Off to a good start, full steam ahead… but what’s all this noise???

Everyone wanted to weigh in their opinions and their comments incorporated. An infinite loop began of receiving feedback, making changes, receiving more feedback, making more changes, etc.  Then people wanted to know “Where is MY button” and saying things like “We need to be in THAT PART” of the page”.
Overall, faculty felt like their needs were not represented. The IT department was having their own debates on what sort of CMS they should get. Users were starting to say “WE have to generate content?!”

Lots of debates – process felt chaotic, stalled.

Committees With a Purpose!

AU conducted several Open Houses to let people know they needed to be responsible for their content. They developed a content strategy to help those people along. AU created a committee just to look at content and ideas on how to get campus to write their own content. Had a committee as a pure technical team working on the choice of the CMS. Committee looking at Apps (Wikipedia-type feedback program, and Event Calendar.)

New Realizations

  • Content is king! Not all writers know how to write for the web – Faculty person conducted workshops on web writing, cabinet members, and campus web editors.
  • CMS too knew for developers
  • Distributed publishing sounds great, need to design support for it.
  • Multiple vendors – managing coordination is painful.
  • Creating content is not a one-time activity (neither was the training)

  • Multiple leadership changes, multiple opinion, rethinking decisions. Every time they had a change in President, Provost or VP Marketing, resulted in more opinions.

To the Finish Line!

The team lost a lot of time in the debates and the budget was running out. They conducted many rounds of testing and QA testing revealed data issues (profile data, office information). Multiple rounds of performance testing. Marketing folks wanted a Launch Party to announce to campus and media.

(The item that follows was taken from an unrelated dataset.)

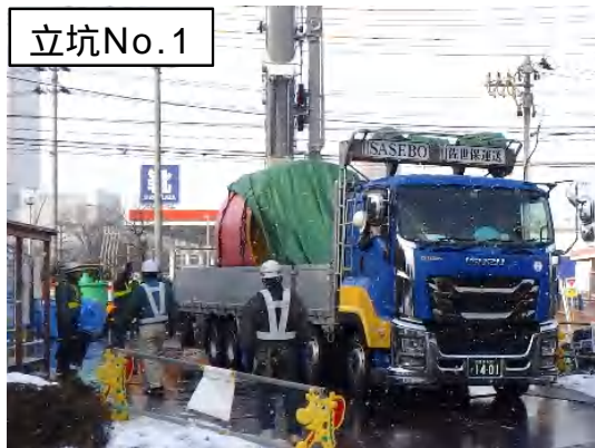
立坑No.1 掘進機搬入状況

  • Agile methodology – code objects, write content, package it in the end.
  • Involved faculty to develop and roll out training
  • Full integration testing – multiple rounds
  • QA testing revealed lots of data issues (profile data, office information)
  • 
Multiple rounds of performance testing
  • Roll out plan, contingency plan, backup contingency plan. (marketing wanted “Launch party” with tshirts, media and the team had to ensure everything was ready)

Launch and post launch
Everything worked as designed, but not as needed. Pages and applications were re-evaluated and:

  • Homepage was redesigned in the first 90 days
  • AUPedia was redesigned
  • Issues with analytics

… And we keep building

  • Enhanced media integration
  • Social Media integration
  • Facebook fans doubled in the last year
  • Mobile presence

Other Notes:

Usuablity testing had conflicting results, primary audience vs. all audience groups. You should think of your primary audience.